ChristsDickWorship fucked around with this message at 14:41 on Oct 1, 2013

ChristsDickWorship
Dec 7, 2004

Annihilate your demons



What are you talking about, your clients should have shielded guitars anyway! They don't want their signature tone to cause a buzz that makes the audience want to rip its ears out during what could be their breakout show in the big city, with tons of RF activity everywhere! As an audio engineer you understand electricity way better than some guitar tech, you would be happy to shield their guitar professionally. It will take you half the night, but it can be done for the low price of $100 so that they can come back tomorrow and record! :devil:

(but it better not buzz when you're done)

ChristsDickWorship
Dec 7, 2004

Annihilate your demons



The version of Pro Tools that's pre-OSX is v5 so I doubt it's that. The version of Pro Tools that probably came with that MBox2 is LE v7 or maybe 8. If you can make those run they'll be fine but you probably won't be able to download them from Avid without an account that has the hardware attached to it. Those versions were probably designed to run on Leopard or Tiger though, OSX tends to break Pro Tools pretty thoroughly with each major update.

They are at 11 now. They probably don't support 7, 8 or 9 anymore and those were probably the only versions of Pro Tools you could have used/upgraded to for cheap.

ChristsDickWorship
Dec 7, 2004

Annihilate your demons



No features or anything as far as I know.

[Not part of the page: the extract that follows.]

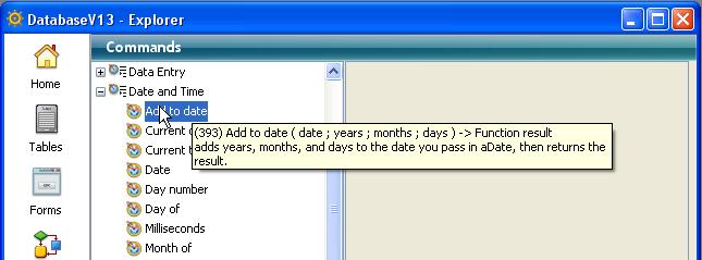 The Commands page displays all built-in 4D commands, grouped by theme. It is the same as the list of commands shown in the Method editor.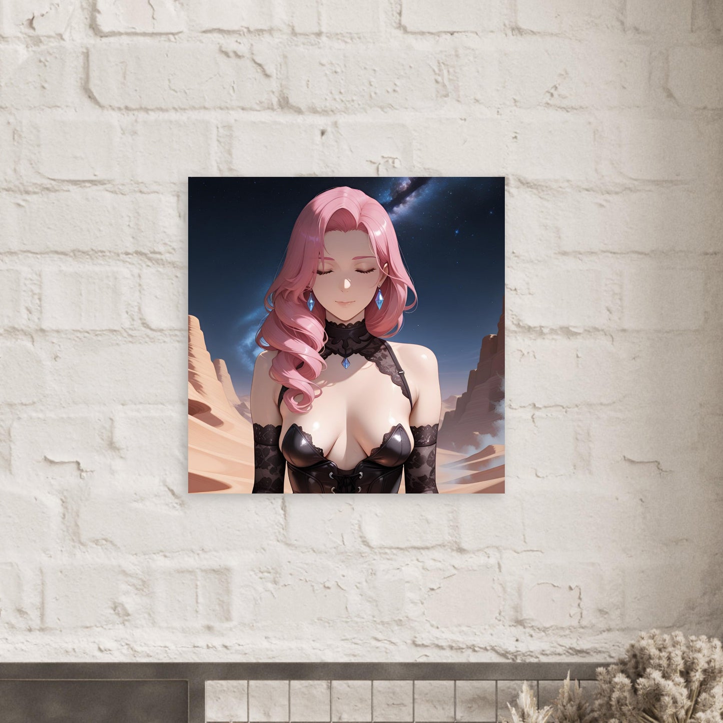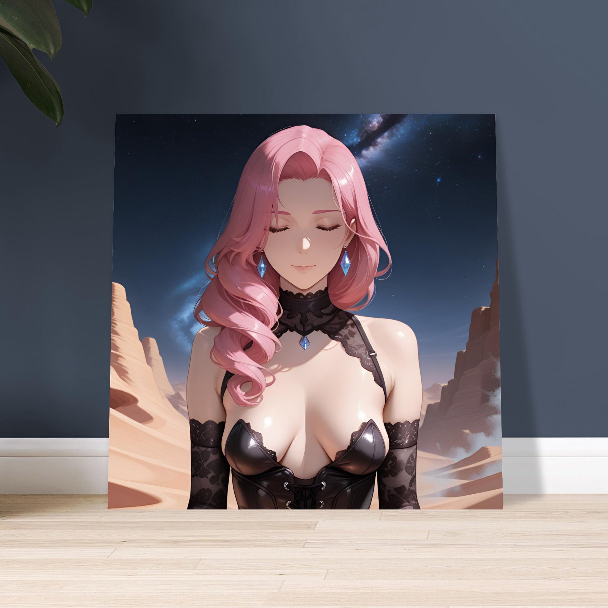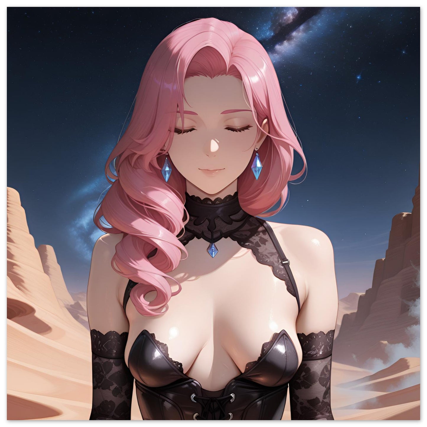 A mesmerizing anime-style artwork featuring pink wavy hair and black lace against a dramatic desert landscape. The striking night sky showcases the Milky Way, creating an ethereal atmosphere. The elegant gothic aesthetic combines with cosmic elements for a uniquely mystical design

In the older versions of Pro Tools you had to have a Digidesign/Avid interface as a dongle to run the software, but as long as you have the official drivers the interface will work fine with any other DAW. I had an MBox when I bought one of the early Intel MacBook Pros, I want to say it was version 7.1 or 7.3 that finally gave it Intel support. I think you could get the installer for whatever the last stable version of 7 was with that MBox 2, but as I said 7 was probably Tiger or Leopard and won't run in Lion anyway.

What you may run up against eventually is Avid not updating the drivers anymore. If you can find the driver on Avid's site (don't think you need an account for drivers, but sometimes they overhaul things) farther down the page will probably be all the versions of OSes that they support with that release. I couldn't use that MBox 1 to authenticate Pro Tools anymore even if I could run it because there are no drivers that work past Tiger or XP.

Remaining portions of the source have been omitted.